— Source information —
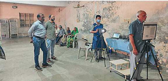
ખેડા | ખેડા સીડીએચઓના માર્ગદર્શન હેઠળ પ્રાથમિક આરોગ્ય કેન્દ્ર સિહુજ અને વાંઠવાડી ખાતે ટીબી મુક્ત ભારતના 100 દિવસીય અભિયાન અંતર્ગત વિશેષ તપાસ કેમ્પનું આયોજન કરવામાં આવ્યું હતું. આ કેમ્પમાં કુલ 336 દર્દીઓના એક્સ-રે પાડવામાં આવ્યા હતા, જેમાં ખાસ કરીને 60 વર્ષથી વધુ વયના, ડાયાબિટીસ ધરાવતા અને ધૂમ્રપાન કરતા વ્યક્તિઓની સઘન તપાસ કરાઈ હતી. ટીબી નિદાનની સાથે દર્દીઓનું એનસીસી સ્ક્રીનિંગ, એચબી ચેકઅપ અને જરૂરી દવાઓનું વિતરણ કરી યોગ્ય રેફરન્સ પણ આપવામાં આવ્યા હતાં. તાલુકા આરોગ્ય સુપરવાઇઝરની ઉપસ્થિતિમાં વાંઠવાડી આરોગ્ય ટીમના કર્મચારીઓએ ખડપેગે હાજર રહીને આ સેવા કેમ્પમાં પોતાની ફરજ બજાવી હતી.
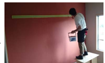
壁の塗装替え作業イメージ

壁や天井の塗装替えやクロス張替え、木部への釘・ビス打ち、床のクッションシート張替え、手すりの設置など、多彩な DIY メニューをご用意しています。
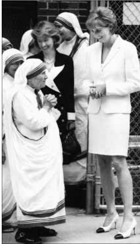
Teresa de Calcuta, que consagró su vida a ayudar a los desfavorecidos, se entrevistó por última vez con Diana de Gales en junio en Nueva York

En el momento de su muerte, la madre Teresa estaba preparando una ceremonia especial que se celebraría con motivo del fallecimiento de la Princesa de Gales, a cuyos funerales en Londres había sido invitada,
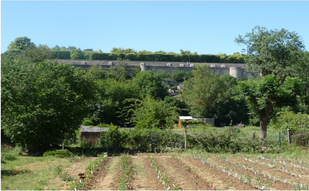
Photo 11 Vue du sud est vers le nord ouest à partir de la rue du Bas des Sables sur des jardins potagers, juste en face du parc de Blossac, dont on voit la frise des tilleuls taillés en rideau qui souligne les anciens murs des fortifications de Poitiers.
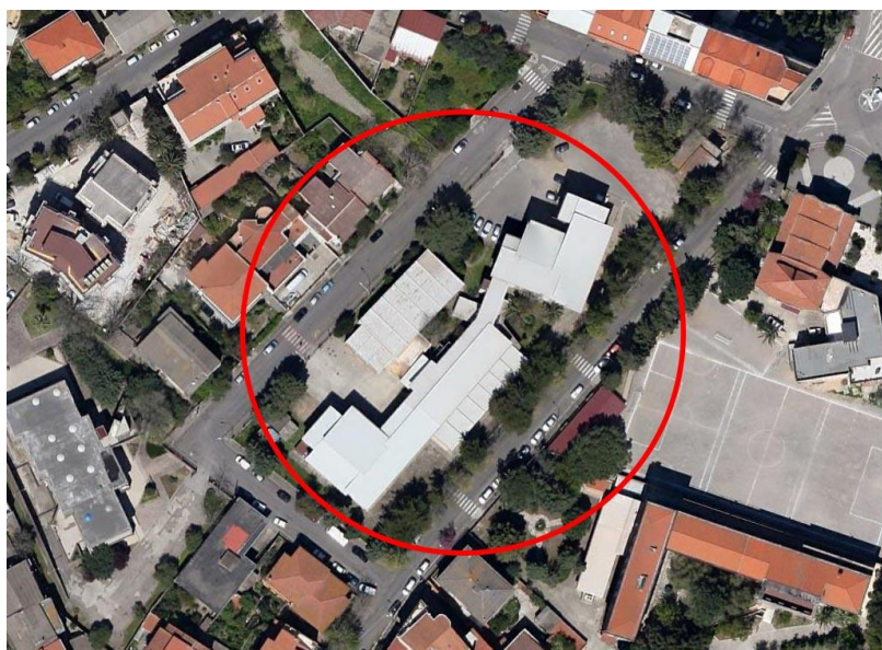
Figura 1: Ubicazione Scuola Primaria di via Amsicora

L'edificio è costituito da 4 corpi di fabbrica collegati fra loro, la struttura è in c.a., il fabbricato ha forma "irregolare", per un totale di circa 1.703 mq al piano terra, circa 1.072 mq al piano primo e circa 379 mq al piano secondo, e quindi circa 3.154 mq totali.
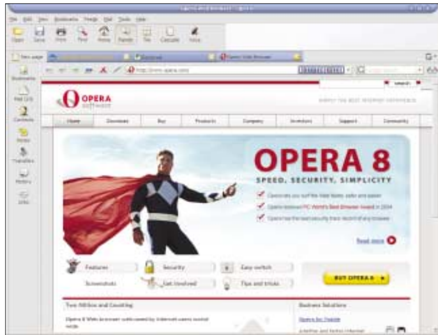
▲ Hlavní okno aplikace. Uprostřed jsou zobrazovány stránky, vlevo je panel s funkcemi. Nad ním najdeme navigační tlačítka a prostor pro reklamu.

Opera pro PC, respektive pro Windows, existuje ve dvou verzích (představovaných jednou aplikací). První je volně šiřitelná podoba, která je adware. To znamená, že výměnou za bezplatné používání aplikace zobrazuje reklamní proužek. Druhá verze je této nectnosti zbavena. Dlužno podotknout, že konverze programu z volné do placené probíhá pouze zadáním sériového čísla, po
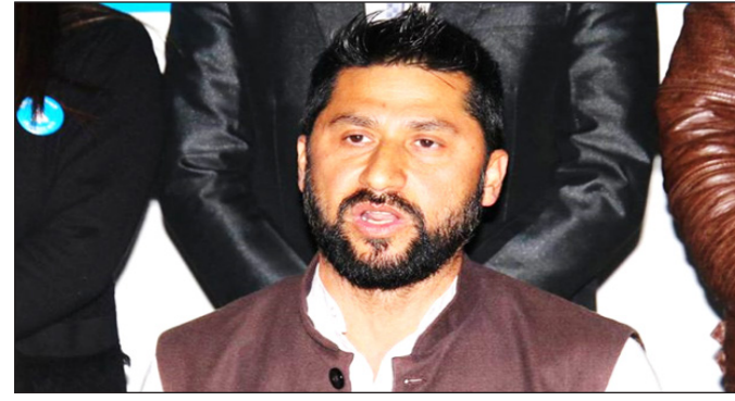
काठमाडौं, २४ फागुन ।
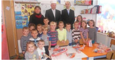
U Obdaništu Jelah

— Directions for this task —
Starting with the line that contains "prostor pro reklamu.", copy every line word for word through the end of the listing above, but leave out the pictures.

— Task output —
▲ Hlavní okno aplikace. Uprostřed jsou zobrazovány stránky, vlevo je panel s funkcemi. Nad ním najdeme navigační tlačítka a prostor pro reklamu.

Opera pro PC, respektive pro Windows, existuje ve dvou verzích (představovaných jednou aplikací). První je volně šiřitelná podoba, která je adware. To znamená, že výměnou za bezplatné používání aplikace zobrazuje reklamní proužek. Druhá verze je této nectnosti zbavena. Dlužno podotknout, že konverze programu z volné do placené probíhá pouze zadáním sériového čísla, po
काठमाडौं, २४ फागुन ।
U Obdaništu Jelah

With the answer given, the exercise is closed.